Referring again to expensive units in the area immediately around the Strauss houses, another resident, J. Rodriguez, told the WSWS, “This is the Million Dollar Mile around here where NYU owns the hospitals, and the hospitals own the buildings across the street and up and down First Avenue. I worked at NYU, but it doesn’t pay enough to live on, even though your children can go to NYU for free if you do work there.”

New York University is among the top ten real estate concerns in the lucrative New York City real estate market. It has been a driving force in the gentrification of large swaths of Manhattan where working class families have been driven out.

At time when more and more housing units are being built in the city, a major contradiction is unfolding—the homeless population of the city is growing alongside the speculative boom. Most of the new units are being bought up by wealthy and institutional investors. Enormous profits are being made.

At the same time housing conditions for hundreds of thousands of the city’s poorest residents continue to decline. A report issued by the City’s Comptroller’s office this month noted:

“Between 2005 and 2017, rising rents led to the disappearance of 1.069 million apartments renting for $900 or less (in 2017 dollars) from the City’s housing inventory. The largest share of these units – 40 percent, or 428,000 apartments – saw their rents increase to between $1,051 and $1,500. Apartments renting for over $2,700 per month increased by approximately 238,000 units.”

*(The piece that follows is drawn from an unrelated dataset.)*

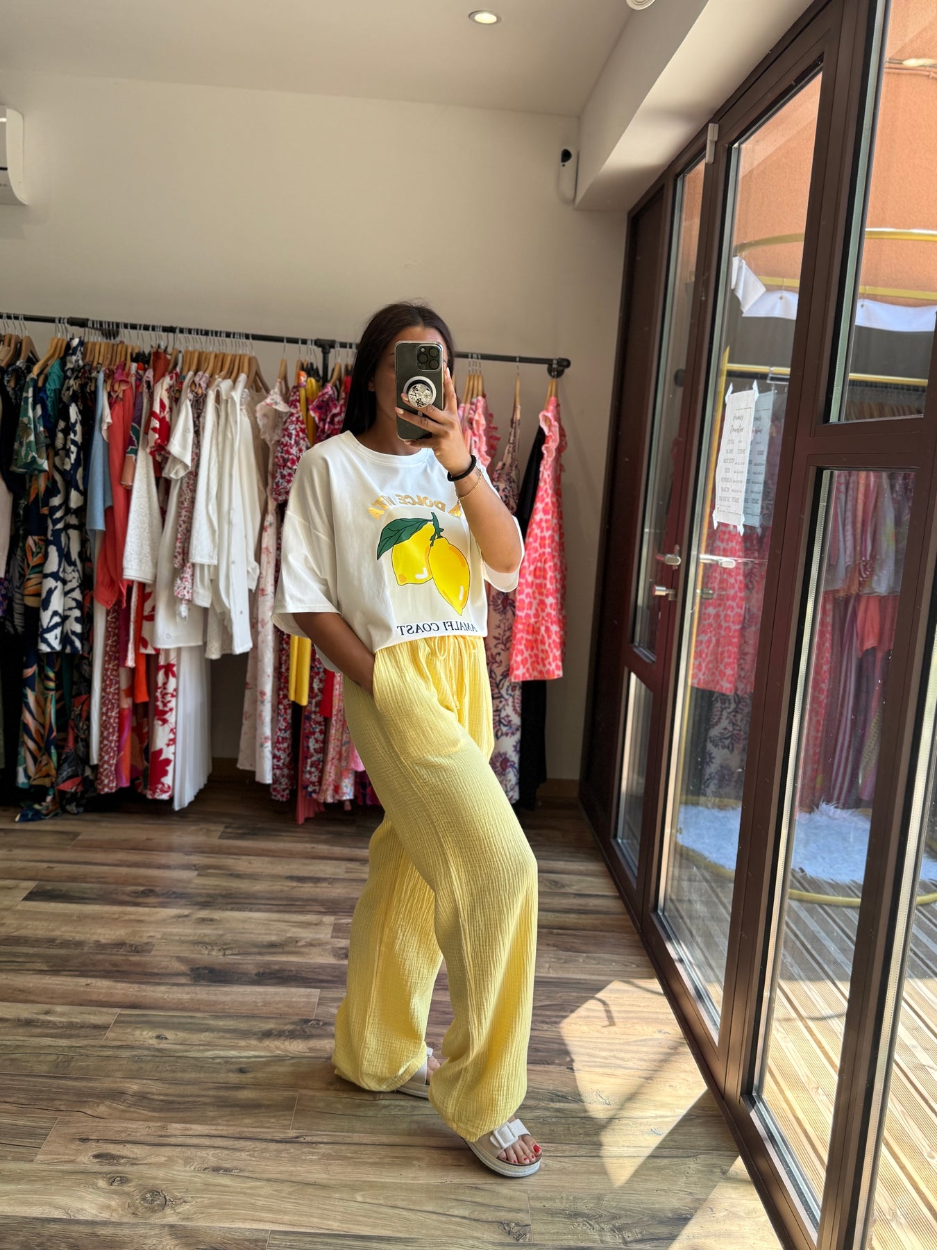 📸 Look porté avec le tee-shirt “Robyn” imprimé citron et les sandales “Lorina”

Yet the Democrats who, for the most part, control the city and state, including the supposedly progressive major, Bill De Blasio, repeat the refrain that the resources to eliminate homelessness and house working people affordably are not available.

Under a capitalist system in an advanced state of decay, they are correct. The solution to the housing crisis that no section of the Democratic Party can propose lies in the reorganization of society by the working class along socialist lines, confiscating the huge fortunes made on Wall Street, and allocating them to meet the basic requirements of the mass of the population. Housing is a basic human need and must be treated as such; it is not something which can be left up to the profit system to provide.